Why systematic evaluation has become indispensable

The digital landscape is changing at a breathtaking pace. Companies in the manufacturing industry frequently report failed pilot projects. For example, a mechanical engineering firm invested considerable sums in a predictive maintenance solution. The system promised proactive maintenance and significant cost savings. After six months, it became apparent that integration with existing control systems had not worked. The reason lay in a lack of prior testing of technical compatibility.

An automotive supplier had similar experiences with a quality control solution. The software theoretically recognised surface defects with high precision. However, in the harsh production environment, it failed regularly. Dust, changing lighting conditions and vibrations significantly affected the results. A structured testing process would have uncovered these problems early on. Therefore, an effective AI tool test is recommended even before any major investment.

Even in the area of supply chain optimisation, typical pitfalls become apparent. A medium-sized electronics manufacturer implemented a forecasting tool for material requirements. The solution used historical data to predict future order quantities. However, the algorithm did not adequately account for seasonal fluctuations. The result was repeated overstocking and bottlenecks. A thorough testing phase would have identified this weakness.

Best practice with a KIROI customer

An international manufacturer of precision components faced the challenge of optimising its production planning. The company initially evaluated seven different solutions for intelligent manufacturing control. As part of the transruption coaching, the team developed a three-stage evaluation process. First, those responsible checked the fundamental technical suitability of each solution. They analysed interfaces to existing ERP systems and machine controls. Subsequently, they conducted pilot tests with real production data. This revealed that only two of the seven providers could deliver the required data quality. In the third phase, they integrated the remaining solutions into a production line on a trial basis. The result was clear. One solution impressed with stable performance and intuitive operation. The other repeatedly caused system crashes under high data load. Through this structured approach, the company saved significant resources. The final implementation proceeded smoothly and achieved measurable improvements in manufacturing efficiency within six months.

Effective AI Tool Testing: The Crucial Criteria for Your Selection

Managers require clear evaluation criteria for their decision-making processes. A machine tool manufacturer developed a scoring system with ten categories. These included technical performance, integration capabilities, and user-friendliness. Additionally, aspects such as supplier reliability and support quality were incorporated into the evaluation. This systematic approach enabled objective comparisons between different solutions.

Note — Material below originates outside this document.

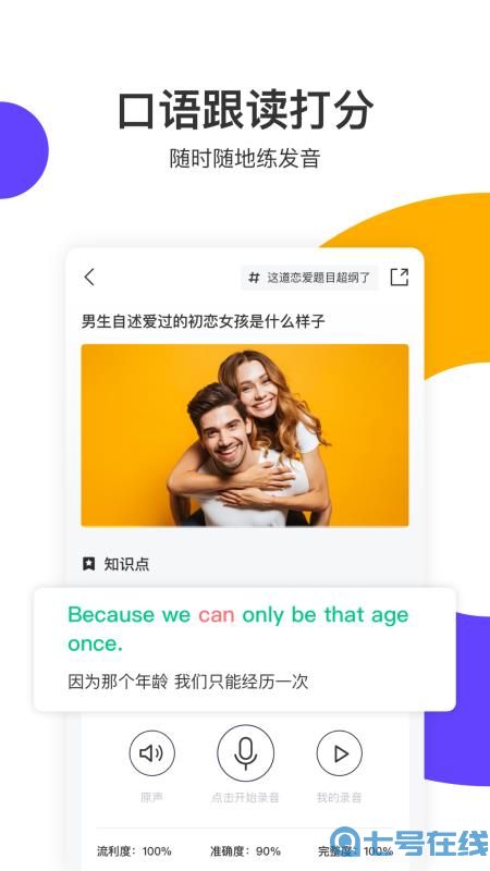 口语练习打分,不仅能跟读句子还能为你的英语发音打出分数;

Data security plays a central role, particularly in the manufacturing industry. A medical technology manufacturer rigorously tested solutions for compliance aspects. The company asked detailed questions about data storage and processing. Where are the servers located and what encryption standards are used? This information proved to be crucial for the final selection. Not all providers were able to meet the strict regulatory requirements.

Scalability also deserves particular attention during the evaluation. A packaging machine manufacturer tested a solution for automated quote calculations. Everything worked perfectly during the pilot phase with a few users. However, when the entire sales department gained access, massive performance problems occurred. Response times increased from seconds to minutes. A more comprehensive load test would have predicted this problem [1].

Define technical requirements precisely

The precise specification of technical requirements forms the foundation of every successful evaluation. A manufacturer of industrial robots initially documented all existing system landscapes. The team captured all interfaces, data formats, and communication protocols. This documentation served as a basis for testing potential new solutions. Each supplier had to prove that their solution harmonised with the existing infrastructure.

A supplier to the aerospace industry went a step further. The company defined not only current but also future requirements. Strategic planning envisaged a tripling of production capacity within five years. Every new solution had to be able to reflect this growth perspective. Suppliers who only catered to current needs were eliminated early from the selection process.

The requirements for reliability and redundancy also deserve careful consideration. A manufacturer of food processing machinery carried out stress tests under extreme conditions. What happens during network failures and how does the system react to faulty input data? The team systematically simulated these scenarios and documented the results. Only solutions with robust error handling were shortlisted.

The human element in the selection process

Technical excellence alone does not guarantee project success in practice. A textile machine manufacturer implemented a state-of-the-art production optimisation solution. The technical specifications were convincing across the board. Nevertheless, the project failed due to a lack of employee acceptance. The user interface was too complex and the training materials were inadequate. The team refused to use it and reverted to manual processes.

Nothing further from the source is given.